誰に見られるやも知れない場所で衝動に動かされてしたのは触れただけのキス。
 圭史の心に、温かく大切な愛しいと感じる、火が燈っていた。

 そんな自分に呆れたフリをして冷静を装い、美音に視線を向ける。
ぎこちなく俯いたままの美音の頬は赤い。
 圭史の気配に気づいたのか、美音はそっと顔を上げた。まだ少し潤んだままの瞳が圭史を捕らえると先ほどとは変わりどこか穏やかな色を揺らして言葉を紡いだ。
「あまりにもイライラして、それが爆発してしまって、堪えきれなくなっただけなの。……もう大丈夫」
まだ少し辛そうな微笑と、照れ笑いにも似たのが混じったような笑みを浮かべた美音。
「……」
ただ優しく美音の頭を撫でてから、微笑を溢すと圭史は優しい声で言っていた。
「……帰ろうか」
「……うん」

 帰り道、美音はどこかぎこちなくて、まだ圭史に顔を向けられないでいた。
そんな彼女に圭史は顔を向けて言葉を紡ぐ。
「あのさ、たとえ出すから、それにどれくらい好きか答えて?」
目は見れなくても顔を上げて美音は答える。
「? うん」
それを聞いて圭史は前方に顔を向け言葉を捜す。
「えーと、シュークリーム」
「普通に好き」
「ショートケーキ」
「うん、好き」
「チーズケーキ」
「結構好きー」
にこ、と笑顔を浮かべて言う美音を見て、圭史は微笑を浮かべ続ける。
「ロールケーキ」
「好きー」
「オレンジジュース」
「かなり好きー」
「チョコ」
「好きー」
「パフェ」
「好き!」
「えーと、次は、遊園地」
「うん、好き」
いくつかの質問が続き、美音は素直に答えていた。
「伊沢」
「大好き」
にこっと笑顔で言った美音。
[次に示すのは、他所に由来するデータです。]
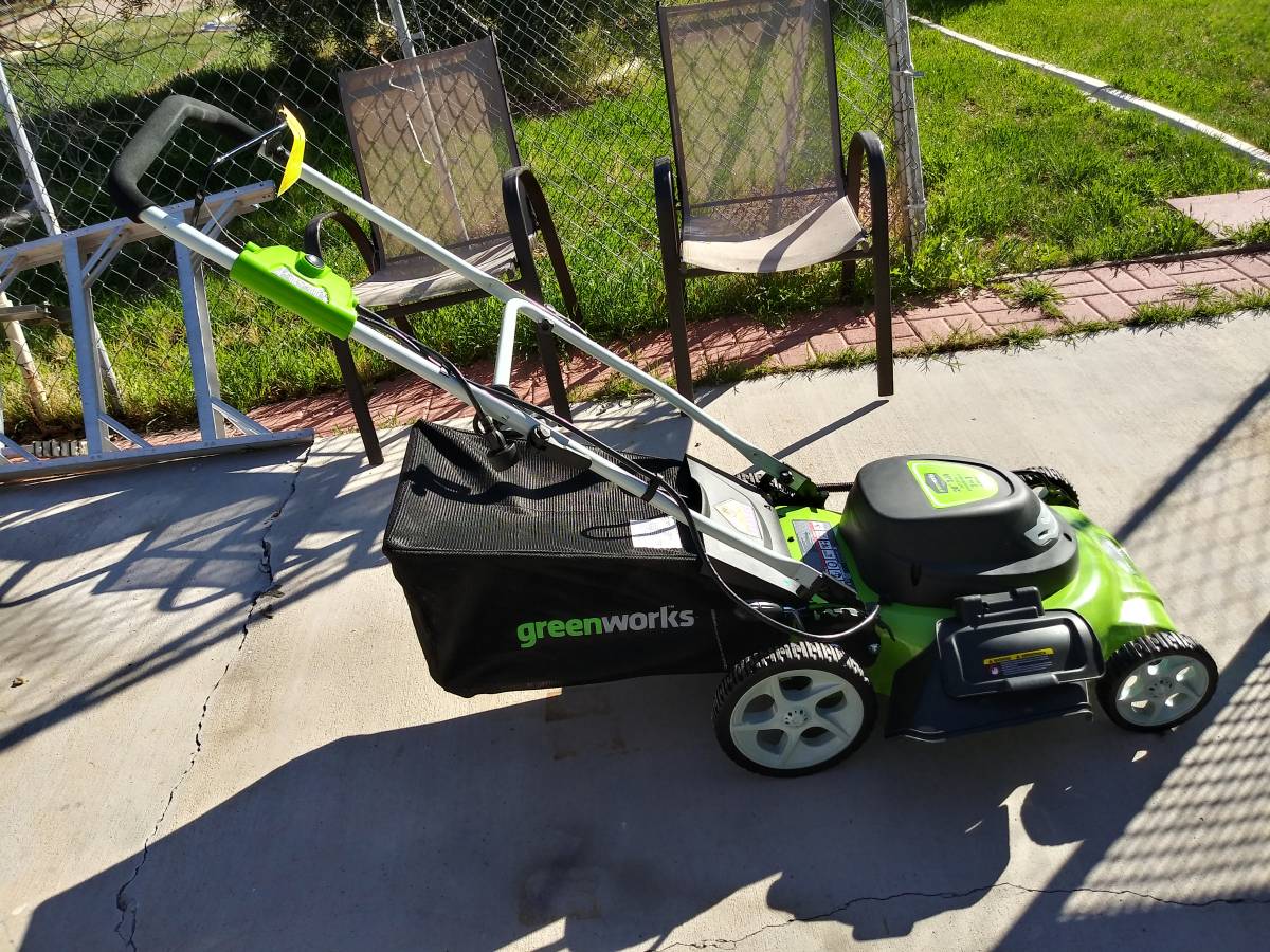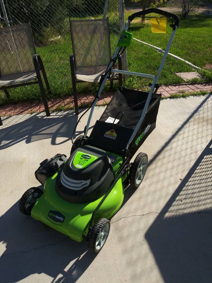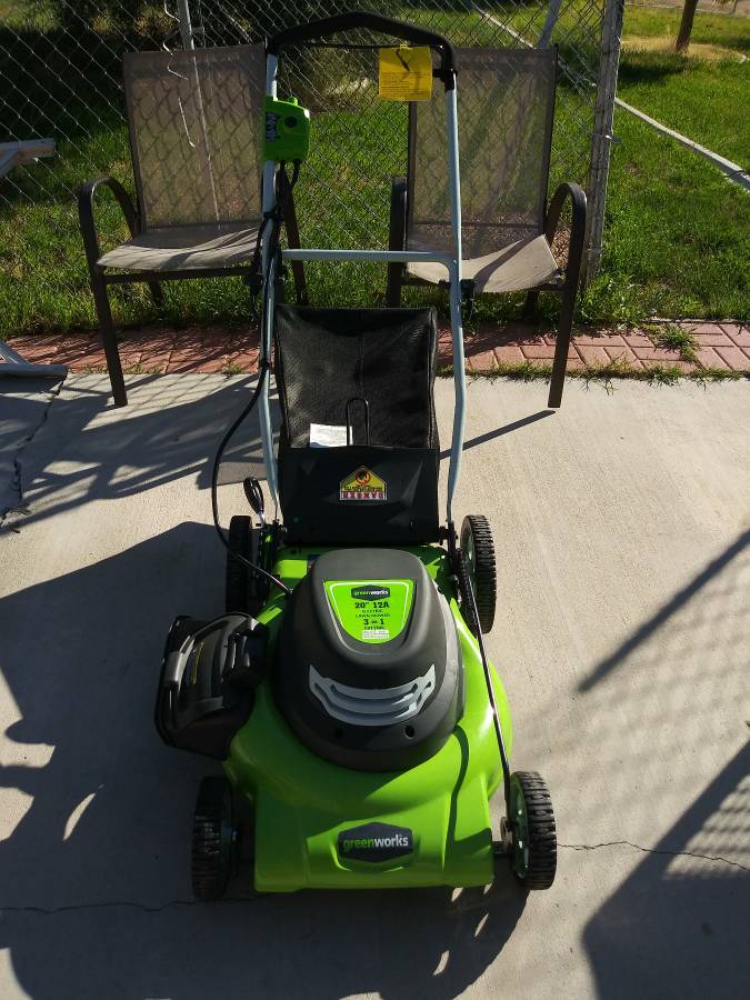 Up for sale is a like new and never used Greenworks 20-Inch Electric Corded Lawn Mower Model # 25022. This electric mower features:3-in-1 mowing capabilities-mulching, pick at rear and discharge at hand. 20in. Wide cutting route provides a great combination of maneuverability and flexibility for mid-sized areas. Powerful 12 Amp motor provides extreme cutting and mulching power. Rugged cutting deck with stamped steel offers additional toughness. Adjustable cut height from 1.5 in, with 7 different positions. Till 3.75 in.. Cam lock handle to make the unit easy to fold and store. Integrated cord lock helps to prevent unintended disconnection of cords. Ideal for yards and lawns medium in scale.

笑顔でそれを眺めながら圭史は続ける。
「谷折ゆき」
「えーと、……え?谷折君って下の名前ゆきって言うの?」
それには驚いた顔で反応を見せた美音だった。
「うん、正真正銘名前はユキっていうんだよ。だからフルネームで呼ばれるとすんごい顔になって面白い」
「へー、初めて知った」
「で、谷折は?」
「え? まぁ、まぁ好き」
「唐揚げ」
「大好き」
「俺も。 川浪さん」
「うん好き」
「瀧野圭史」
「うん、すん……、って、瀧野くん?!」
何を言わせるのと顔を赤くして圭史を見る美音に、思わず圭史は笑いを溢した。
顔が赤いまま怒る美音に、圭史は「ごめんごめん」と謝りながら笑ったまま道を進む。

 ― ……すんごく好き、って言おうとしたのかな? ―

そんな事を考えて圭史の顔は緩んだままだった。
「まだ笑ってる!ひどーい」
「はは。で、何て言おうとしてたの?」
圭史がそう言うと美音は途端に口を閉じ赤い顔を前に向けた。それを見て圭史の顔には尚笑みが零れる。